Monday, November 27, 2006

Terrorism and Liberty

This started out as a response to a comment from frequent poster “Louie Louie.” LL says he had a conversation with a security boss at an international construction company who told LL that “we aren’t going to win this.” By “this” LL says, the gentleman meant “terrorist activity around the world. What we see going on in Baghdad right now will be Dearbornistan, MI or NYC 50 years hence.” (some capitalization added by El Jefe).
Dearbornistan ?

In any case, I'm more "optimistic" than that, at least on the subject of stopping terrorism. I don't know if we're going to win in Iraq, but I have no doubt over our ability to prevail over violence and threats to public order here and abroad, and over all our enemies once we've decided we want to.

Look up Col. Ralph Peters article from the Sunday New York Post "The Eurabia Myth." (available on Real Clear Politics). The money quote:

Don't let Europe's current round of playing pacifist dress-up fool you: This is the continent that perfected genocide and ethnic cleansing, the happy-go-lucky slice of humanity that brought us such recent hits as the Holocaust and Srebrenica.

The historical patterns are clear: When Europeans feel sufficiently threatened - even when the threat's concocted nonsense - they don't just react, they over-react with stunning ferocity. One of their more-humane (and frequently employed) techniques has been ethnic cleansing.

And Europeans won't even need to re-write "The Protocols of the Elders of Zion" with an Islamist theme - real Muslims zealots provide Europe's bigots with all the propaganda they need. Al Qaeda and its wannabe fans are the worst thing that could have happened to Europe's Muslims. Europe hasn't broken free of its historical addictions - we're going to see Europe's history reprised on meth.

As the Real Clear Politics headline put it, in the European context – before matters are done, Europe's Muslims will be lucky just to be deported. Col. Peters does not seem to think such a reaction is as likely here in the United States (although his article speaks more to current demographic trends in Europe). I’m not so sure. People both here and in Europe will demand physical security, and if they don't get it, they will find leaders who will give it to them, by whatever means are necessary.

Terrorism (operationally defined here as, non-state actor, or covert-state actor violence directed at civilians), is going to be stopped, one way or another. . .

Whether liberal institutions (I mean "liberal" in the political science sense), are going to survive in the short run, I beg leave to doubt. I don't think we can have a planet that's half liberal First World and Half Bomberstan/Upper Volta with nukes or oil money, along with world wide mobility thrown in -- that can function without unpleasant controls in place. How do you keep em down on the farm once they've seen Paris, or, as some would call it, Babylon ?

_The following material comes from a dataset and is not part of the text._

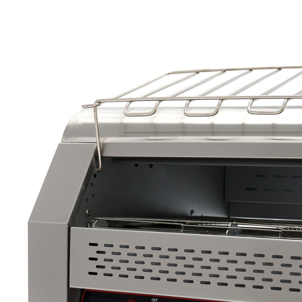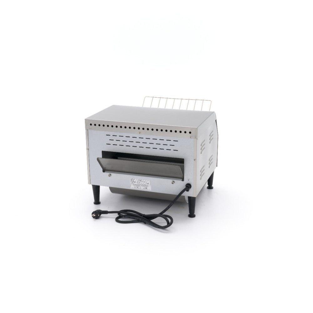Tento dopravníkový topinkovač je profesionální spotřebič s elegantním designem a vysokou kapacitou. Dokáže opéct až 450 plátků chleba za hodinu. Skvěle se hodí také k opékání pistolí a housek. Chléb prochází topinkovačem po dopravním pásu a vyjíždí opečený na spodní straně.

If we aren't going to subjugate the Bomberstans, and we can't convert them (as we've tried to do in Iraq), we're left with domestic controls over everything in the name of self protection; sealing these places off from the civilized world (and somehow still getting oil); or the glass pavement option. (BTW, as others have argued -- Wretchard at Belmont Club has a good post on it called the "Three Conjectures") -- WMD's are going to hurt the jihadists much worse than us.

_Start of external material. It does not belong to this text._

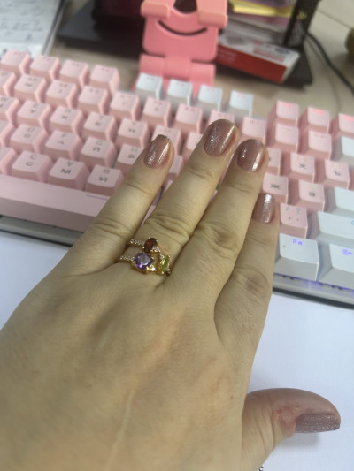 Несмыкаемое колечко с миксом камней смотрится модно ,изящно.Очень долго ждала скидки на него,на работе сразу его заметили,спасибо!

Either way, whatever the silly liberals, progressives, or whatever they call themselves this week think, it's going to be a hard few decades for the spiritual heirs of Thomas Jefferson. However, stock in the ideas of Thomas Hobbes and Machiavelli is a buy.

2 comments:

Anonymous said...

in referencing/researching items listed in excellencies comment i found this passage:


In a famous letter to his friend Francesco Vettori, Machiavelli described how he spent his days:

When evening comes, I return home [from work and from the local tavern] and go to my study. On the threshold I strip naked, taking off my muddy, sweaty workaday clothes, and put on the robes of court and palace, and in this graver dress I enter the courts of the ancients and am welcomed by them, and there I taste the food that alone is mine, and for which I was born. And there I make bold to speak to them and ask the motives of their actions, and they, in their humanity reply to me. And for the space of four hours I forget the world, remember no vexation, fear poverty no more, tremble no more at death; I pass indeed into their world.


conclusion:
OMG, el jefe maximo is Machiavelli.
Machiavelli is el jefe maximo.

i bet SWMBO could verify the accuracy of a typical evening.

Anonymous said...

Terrorism and Liberty

ok.......this, is what i think about that.

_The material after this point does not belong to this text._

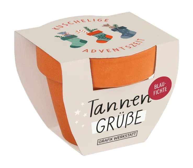 Dieser Anzuchttopf aus der Serie TANNENGRÜßE besteht aus Terrakotta und ist für den Innenbereich geeignet. Das Produkt hat eine kompakte Größe mit einer Länge von 5,7 cm, einer Breite von 6 cm und einer Höhe von 5 cm. Das Gewicht beträgt 0,058 kg. Die Hauptfarbe des Topfes ist das charakteristische, warme Terrakotta-Beige. Die Verpackung zeigt ein Motiv mit weihnachtlichen Strümpfen und dem Schriftzug ‚Kuschelige Adventszeit‘, ergänzt durch die Angabe ‚BLAU-FICHTE‘. Diese Gestaltung unterstreicht den saisonalen Charakter des Produkts. Das Material besteht aus Keramik und Naturmaterialien. Das klar erkennbare, schlichte Design des Topfes wird durch die weihnachtliche Verpackung mit grafischen Elementen und Text ergänzt.

the only fallacy in wretchard's 3 conjectures is mid-way in the first. in his discussion of the SAFF principles. if the device is constructed in lower manhattan, as opposed to being constructed in islamabad, then the SAFF principles do not apply, and the first conjecture goes out the window.
as for the peters essay, he is conjecturing on a europe that no longer exists. for example, when it appeared in 2002 that the world was going to war, the germans wanted nothing to do with it. of course for financial dealings with the despot in question, but now the germans are only good for calling to order courts that provide the means to try former government officals of other countries.
another example, 30% of french voting for la Pen is still a minority. and given 20% of france is muslim that means 50% are still sitting on their hands.
another example, several/many months ago, when i had not dared enter the throneroom, much less clamor about in the back rows of attendants, i stood at the doorway of the throneroom and heard excellency say that if the pallys acted up again, the world would stand by as the IDF turned the west bank into an abahtoir(sp). i know i mis-spelled that last word, but it means in essence a graveyard, i.e., killing zone. well.....the pallys did act up, though not in the west bank, but once the IDF began to defend israel, the world community came out in favor of a "cease fire". the US of course held this off until it became apparent of the similarities between ehud olmert and neville chamberlain.

the common thread:
in excellency's comments, wretchard's post, and the peters essay the common thread is "will". call it what you want, political will, the will to fight, whatever. excellency uses the term as "just wait", or "when we get ready", or other references. i can also get the same sense from wretchard's and the peter's essays. but a 1940's america was bigoted and racist. there was no ANSWER, CAIR, george soros, and if there was a michael moore he would have been run out of hollywood in a new york minute. on dec. 8, 1941 the internment camps were open for business, on sept. 12, 2001 we had to be tolerant.
all of the things excellency says about europe and america are true. but that was then and this is now. i look at our leadership in this time and see hitler shaking hands with FDR, and we're fighting a war in which we don't want to hurt anyone and either don't know how-to or care-to win.

conclusion:
the reason i come to KoC, GoV, and others, numerous times a day is to find my focus on who the bad guys are. because i am not getting it from leadership, i am not getting it from MSM. if you think you detect a hint of defeatism in my above comments then you are mistaken. if anything, i am samuel adams. the man, not the beer. a rabal rousing whack job that only wanted to fight the british and cared little for the formation of a gov't. just indentify the enemy and give me a fight. i am in a word concerned; both for our leadership, current and on the horizon as lacking, and our people, for they are unable to fight even if willing, while asleep.

as i have used more than my share of bandwidth on this thread i shall retire.